### Assigned task:
Return the records from the first line through the line containing "DIAGONAL BOOTS CUT DENIM PANTS (light blue)", and leave out the pictures.

***** Records provided *****

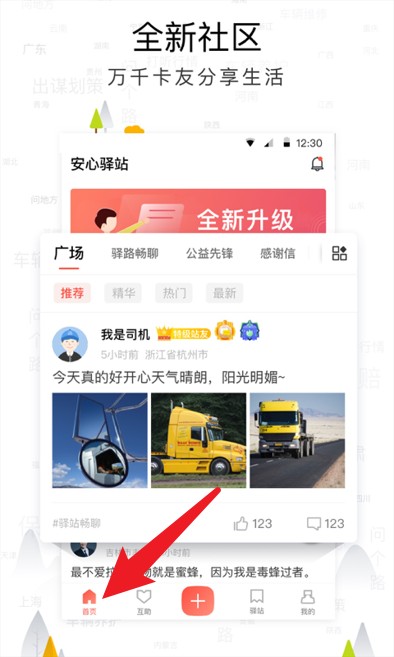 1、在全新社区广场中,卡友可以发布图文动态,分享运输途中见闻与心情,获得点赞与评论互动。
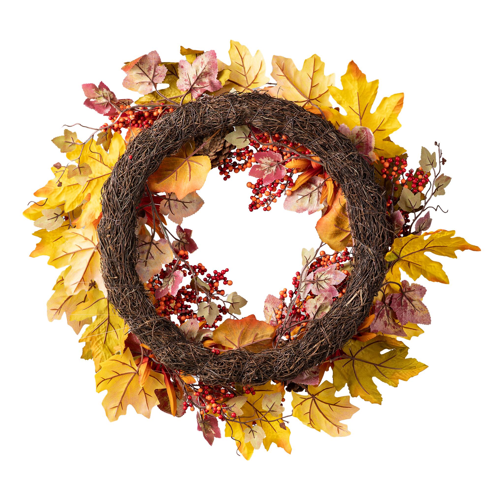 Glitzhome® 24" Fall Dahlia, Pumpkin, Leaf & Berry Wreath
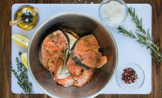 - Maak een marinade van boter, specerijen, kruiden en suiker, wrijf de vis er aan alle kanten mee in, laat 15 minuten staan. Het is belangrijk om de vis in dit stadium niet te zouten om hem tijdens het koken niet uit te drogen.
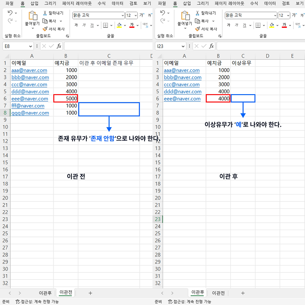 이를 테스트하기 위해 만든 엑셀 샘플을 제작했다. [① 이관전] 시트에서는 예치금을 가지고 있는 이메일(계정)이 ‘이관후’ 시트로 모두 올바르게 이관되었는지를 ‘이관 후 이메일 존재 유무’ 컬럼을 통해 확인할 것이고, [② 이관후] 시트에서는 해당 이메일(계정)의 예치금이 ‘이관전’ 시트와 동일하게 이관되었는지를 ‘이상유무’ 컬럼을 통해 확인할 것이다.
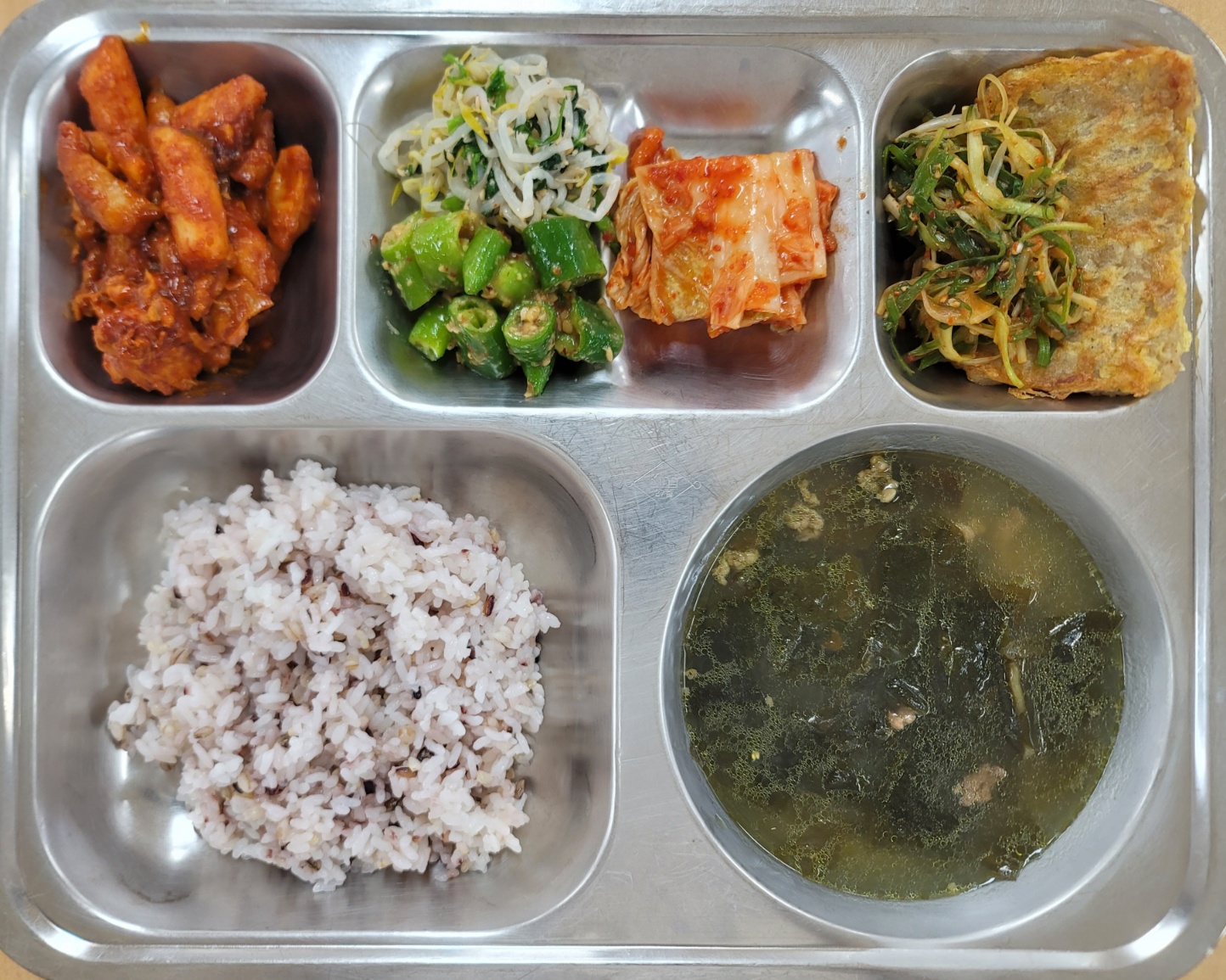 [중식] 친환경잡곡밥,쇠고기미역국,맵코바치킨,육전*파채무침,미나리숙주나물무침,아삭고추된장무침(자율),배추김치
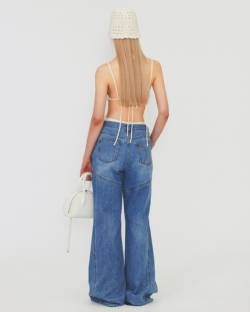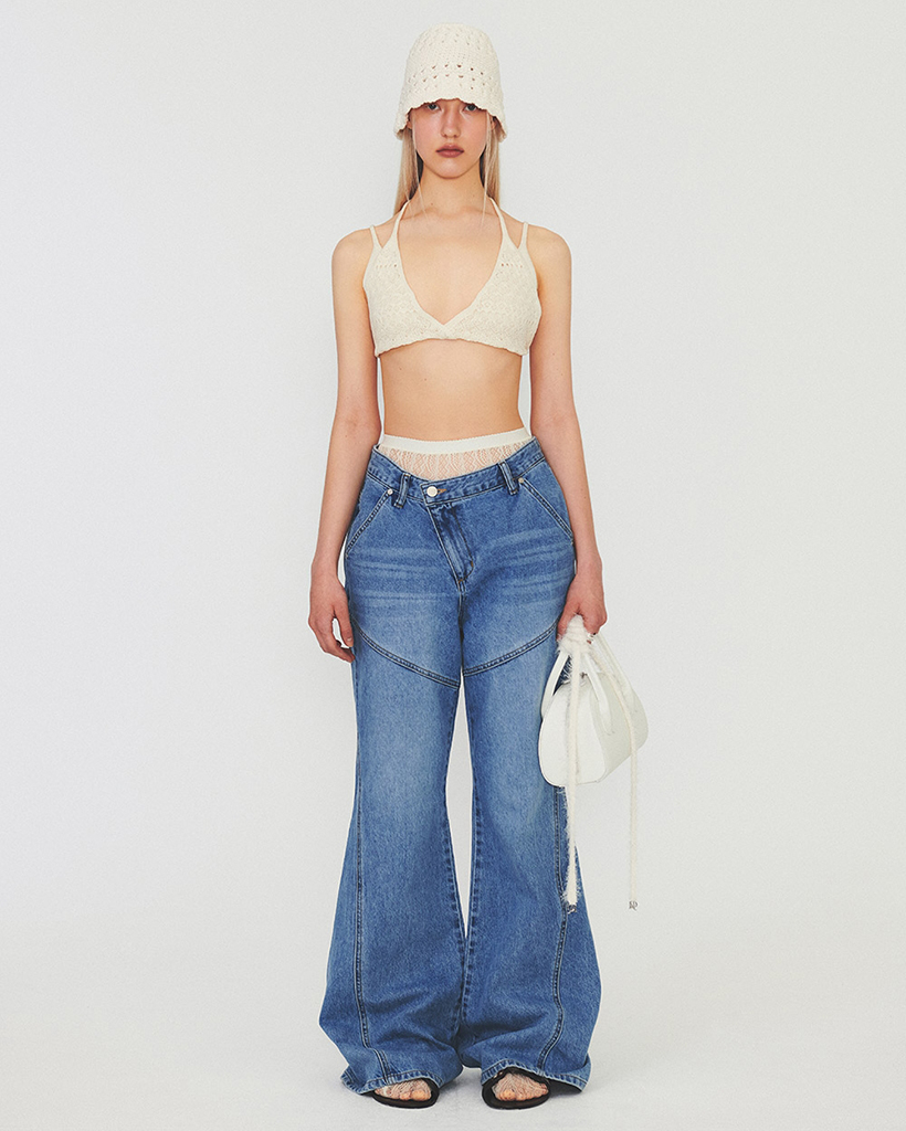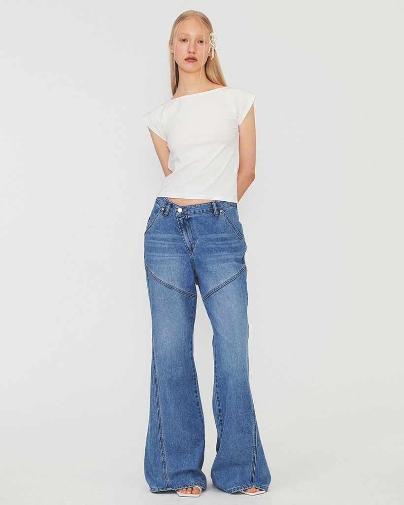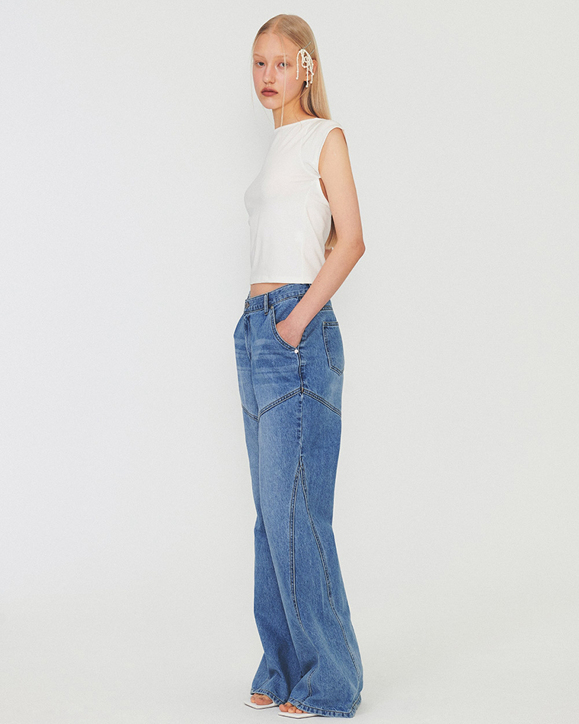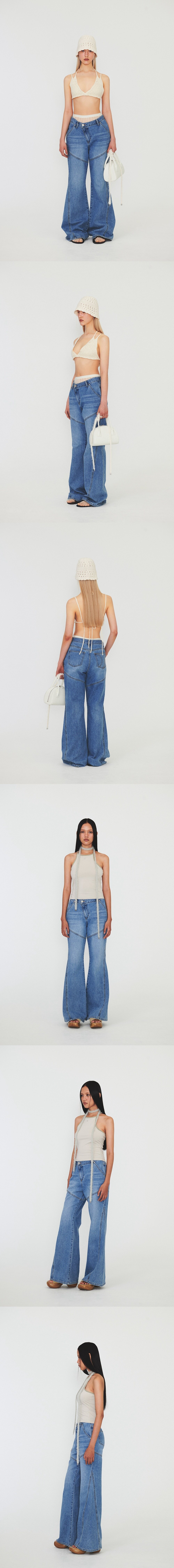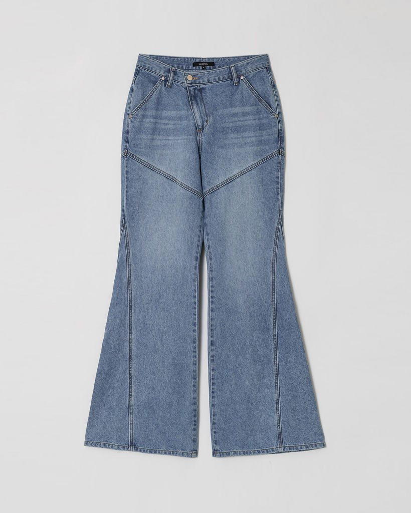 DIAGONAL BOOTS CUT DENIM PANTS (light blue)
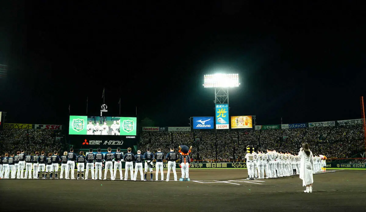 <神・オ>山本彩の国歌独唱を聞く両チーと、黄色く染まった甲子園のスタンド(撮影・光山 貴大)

*****

### Answer:
 1、在全新社区广场中,卡友可以发布图文动态,分享运输途中见闻与心情,获得点赞与评论互动。
 Glitzhome® 24" Fall Dahlia, Pumpkin, Leaf & Berry Wreath
 - Maak een marinade van boter, specerijen, kruiden en suiker, wrijf de vis er aan alle kanten mee in, laat 15 minuten staan. Het is belangrijk om de vis in dit stadium niet te zouten om hem tijdens het koken niet uit te drogen.
 이를 테스트하기 위해 만든 엑셀 샘플을 제작했다. [① 이관전] 시트에서는 예치금을 가지고 있는 이메일(계정)이 ‘이관후’ 시트로 모두 올바르게 이관되었는지를 ‘이관 후 이메일 존재 유무’ 컬럼을 통해 확인할 것이고, [② 이관후] 시트에서는 해당 이메일(계정)의 예치금이 ‘이관전’ 시트와 동일하게 이관되었는지를 ‘이상유무’ 컬럼을 통해 확인할 것이다.
 [중식] 친환경잡곡밥,쇠고기미역국,맵코바치킨,육전*파채무침,미나리숙주나물무침,아삭고추된장무침(자율),배추김치
 DIAGONAL BOOTS CUT DENIM PANTS (light blue)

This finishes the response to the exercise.